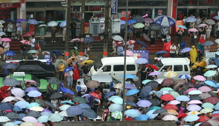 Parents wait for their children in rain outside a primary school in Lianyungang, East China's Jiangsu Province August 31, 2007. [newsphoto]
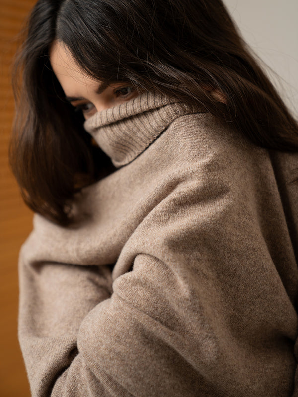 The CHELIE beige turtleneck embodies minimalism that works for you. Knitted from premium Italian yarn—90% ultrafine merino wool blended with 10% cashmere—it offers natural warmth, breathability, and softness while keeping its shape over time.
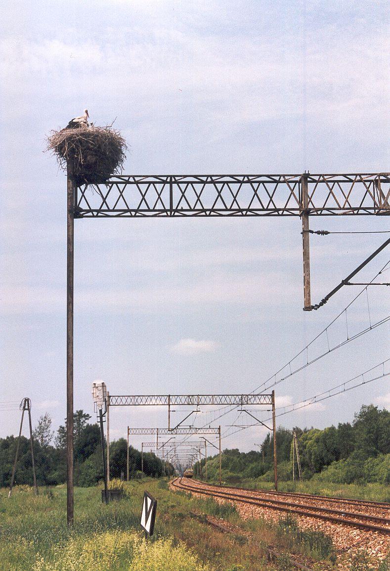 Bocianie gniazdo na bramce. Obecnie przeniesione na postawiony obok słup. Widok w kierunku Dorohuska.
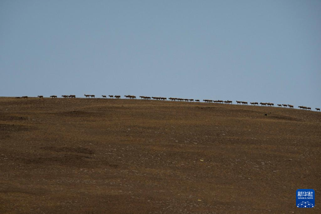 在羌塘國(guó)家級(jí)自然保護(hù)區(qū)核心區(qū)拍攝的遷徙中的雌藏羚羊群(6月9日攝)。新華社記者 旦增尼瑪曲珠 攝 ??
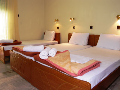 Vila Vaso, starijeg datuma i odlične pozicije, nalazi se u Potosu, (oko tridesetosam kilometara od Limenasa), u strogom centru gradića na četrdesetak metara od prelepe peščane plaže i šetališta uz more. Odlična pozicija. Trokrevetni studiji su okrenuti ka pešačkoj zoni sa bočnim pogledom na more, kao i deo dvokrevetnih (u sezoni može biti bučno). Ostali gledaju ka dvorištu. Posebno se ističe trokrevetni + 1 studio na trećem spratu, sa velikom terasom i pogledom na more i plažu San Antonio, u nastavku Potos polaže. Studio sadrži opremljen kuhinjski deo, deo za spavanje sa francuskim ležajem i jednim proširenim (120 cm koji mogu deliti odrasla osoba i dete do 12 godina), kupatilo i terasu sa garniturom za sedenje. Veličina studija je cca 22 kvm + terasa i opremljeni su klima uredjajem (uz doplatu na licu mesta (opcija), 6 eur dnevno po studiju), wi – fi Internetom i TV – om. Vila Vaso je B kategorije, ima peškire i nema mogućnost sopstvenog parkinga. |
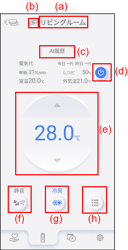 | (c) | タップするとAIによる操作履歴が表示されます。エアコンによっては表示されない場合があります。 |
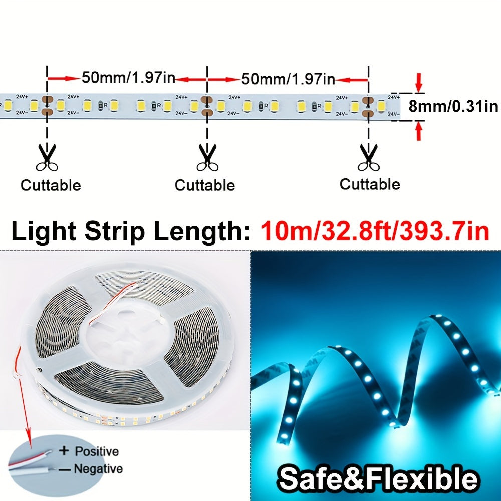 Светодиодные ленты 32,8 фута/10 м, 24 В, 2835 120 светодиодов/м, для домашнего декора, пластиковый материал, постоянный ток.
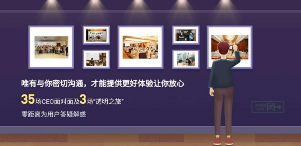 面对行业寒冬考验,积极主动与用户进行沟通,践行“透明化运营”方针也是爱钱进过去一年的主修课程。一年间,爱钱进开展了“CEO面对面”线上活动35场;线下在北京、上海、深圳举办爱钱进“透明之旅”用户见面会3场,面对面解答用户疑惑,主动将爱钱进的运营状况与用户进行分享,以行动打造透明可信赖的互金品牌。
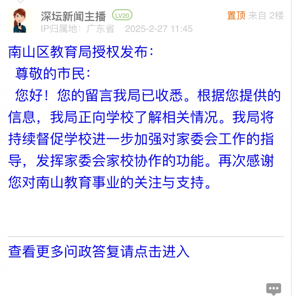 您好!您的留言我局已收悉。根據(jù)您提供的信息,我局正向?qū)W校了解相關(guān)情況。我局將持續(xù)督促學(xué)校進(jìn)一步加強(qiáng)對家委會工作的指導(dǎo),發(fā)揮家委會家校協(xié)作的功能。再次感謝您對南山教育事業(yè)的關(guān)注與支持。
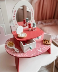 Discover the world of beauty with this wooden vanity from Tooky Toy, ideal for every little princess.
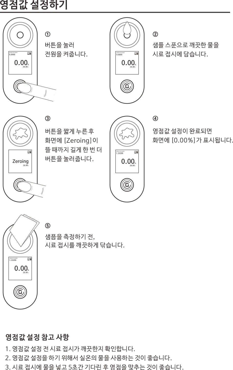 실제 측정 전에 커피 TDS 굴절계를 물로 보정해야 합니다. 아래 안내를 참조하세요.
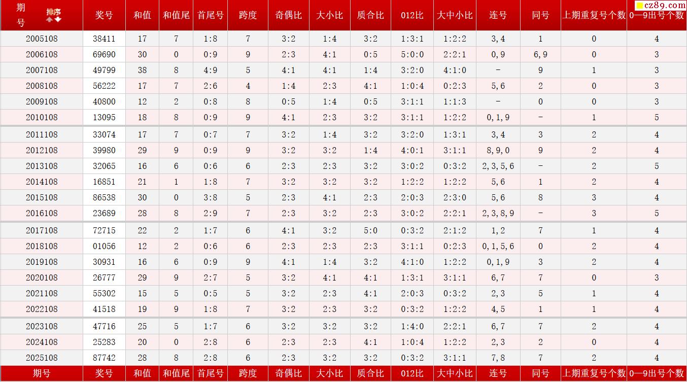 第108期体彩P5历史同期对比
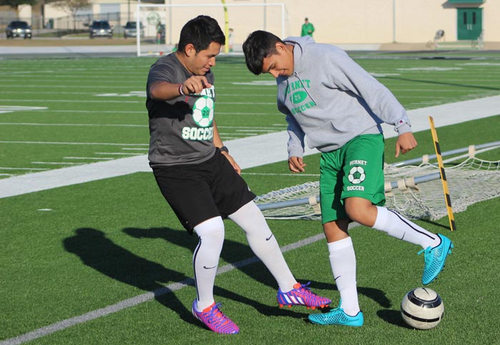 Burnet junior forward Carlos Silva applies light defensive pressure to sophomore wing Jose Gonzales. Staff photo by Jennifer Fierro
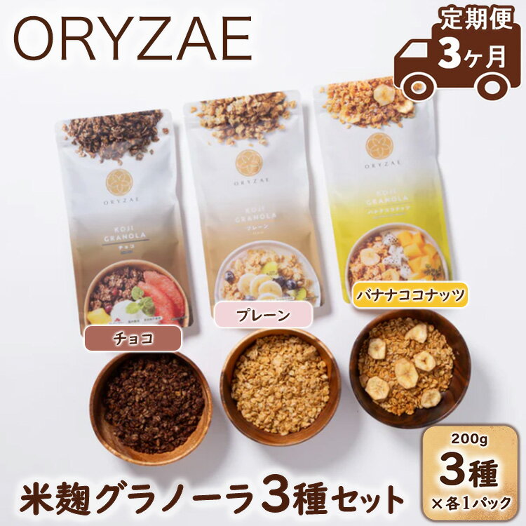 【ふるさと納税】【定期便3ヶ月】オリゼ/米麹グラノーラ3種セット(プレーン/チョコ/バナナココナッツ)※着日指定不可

# # # # # # #

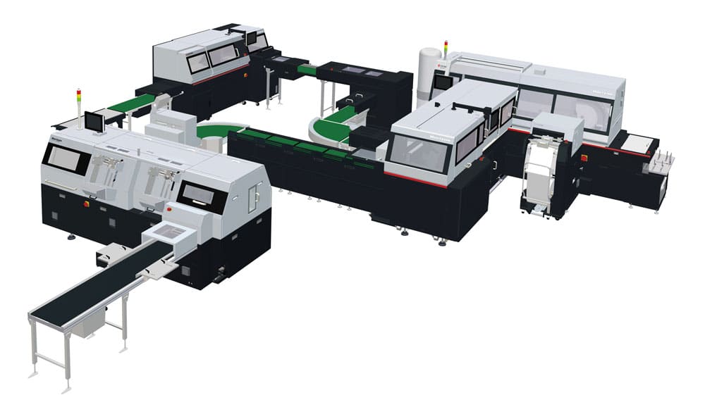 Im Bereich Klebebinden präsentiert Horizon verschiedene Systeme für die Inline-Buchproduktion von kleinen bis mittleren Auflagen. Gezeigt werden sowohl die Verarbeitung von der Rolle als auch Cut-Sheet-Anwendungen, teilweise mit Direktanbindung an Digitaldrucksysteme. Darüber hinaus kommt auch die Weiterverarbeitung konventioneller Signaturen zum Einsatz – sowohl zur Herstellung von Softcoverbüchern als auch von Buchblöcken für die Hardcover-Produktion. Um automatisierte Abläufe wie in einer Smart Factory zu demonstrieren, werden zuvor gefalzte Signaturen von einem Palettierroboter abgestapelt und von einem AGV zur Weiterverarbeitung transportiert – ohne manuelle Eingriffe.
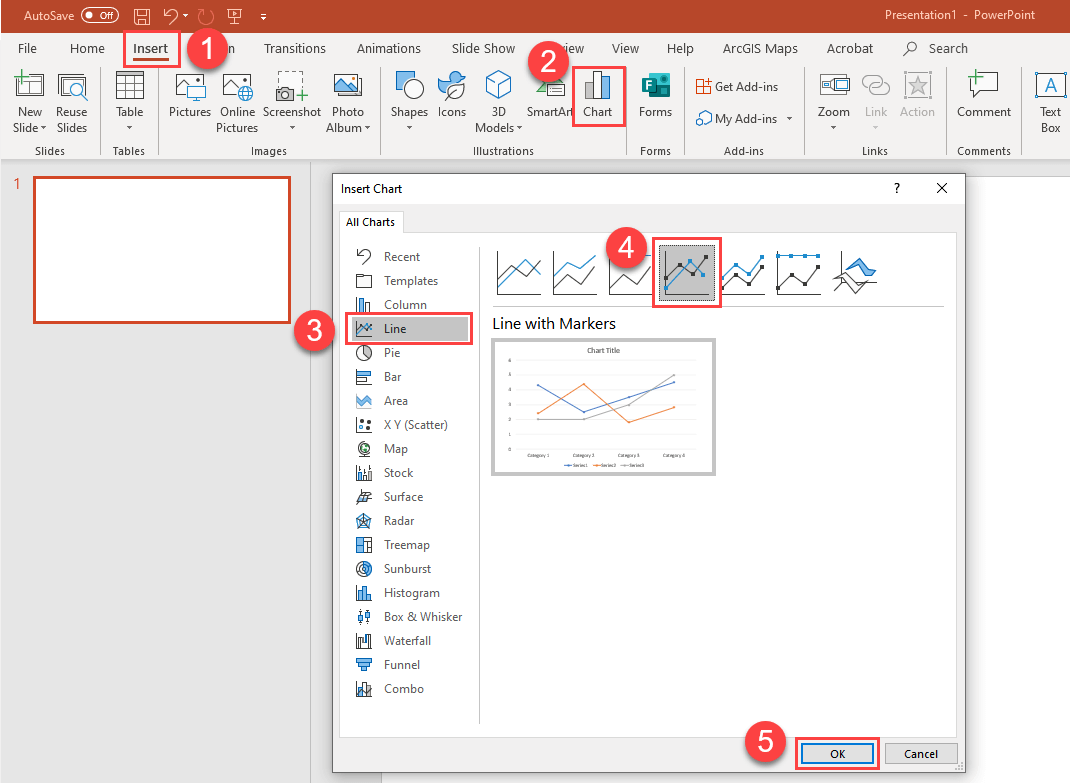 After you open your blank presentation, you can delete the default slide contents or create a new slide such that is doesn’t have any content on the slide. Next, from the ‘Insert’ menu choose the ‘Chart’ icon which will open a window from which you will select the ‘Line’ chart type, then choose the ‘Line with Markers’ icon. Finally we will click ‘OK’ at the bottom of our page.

# # # # # # #

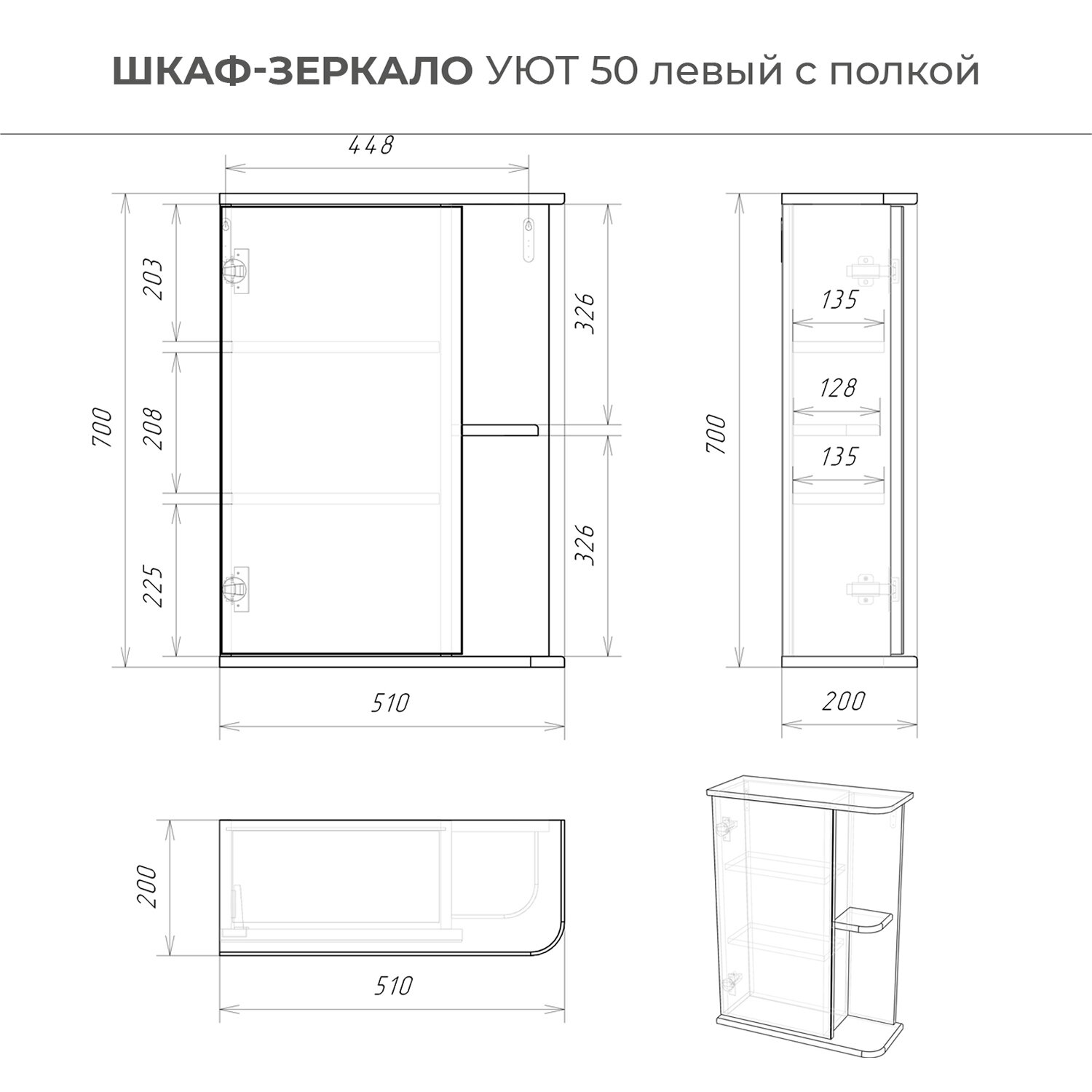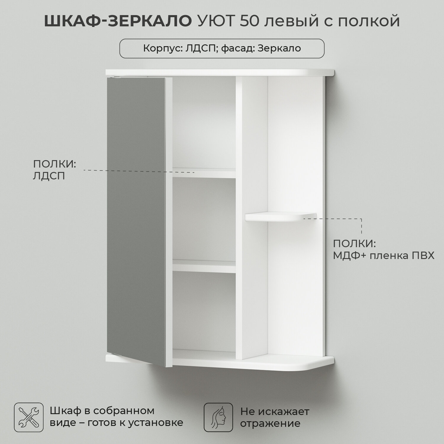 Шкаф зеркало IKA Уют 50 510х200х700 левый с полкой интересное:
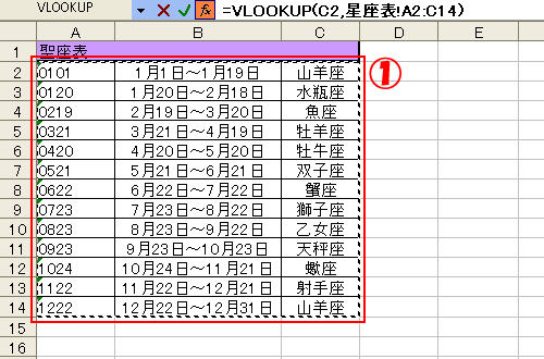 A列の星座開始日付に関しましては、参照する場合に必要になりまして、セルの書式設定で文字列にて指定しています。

# # # # # # #

Exercise description:
Copy the lines above exactly, starting with the line that contains "Parents wait for" and ending with the line that contains "Bocianie gniazdo na", and leave out any pictures.

Written response:
 Parents wait for their children in rain outside a primary school in Lianyungang, East China's Jiangsu Province August 31, 2007. [newsphoto]
 The CHELIE beige turtleneck embodies minimalism that works for you. Knitted from premium Italian yarn—90% ultrafine merino wool blended with 10% cashmere—it offers natural warmth, breathability, and softness while keeping its shape over time.
 Bocianie gniazdo na bramce. Obecnie przeniesione na postawiony obok słup. Widok w kierunku Dorohuska.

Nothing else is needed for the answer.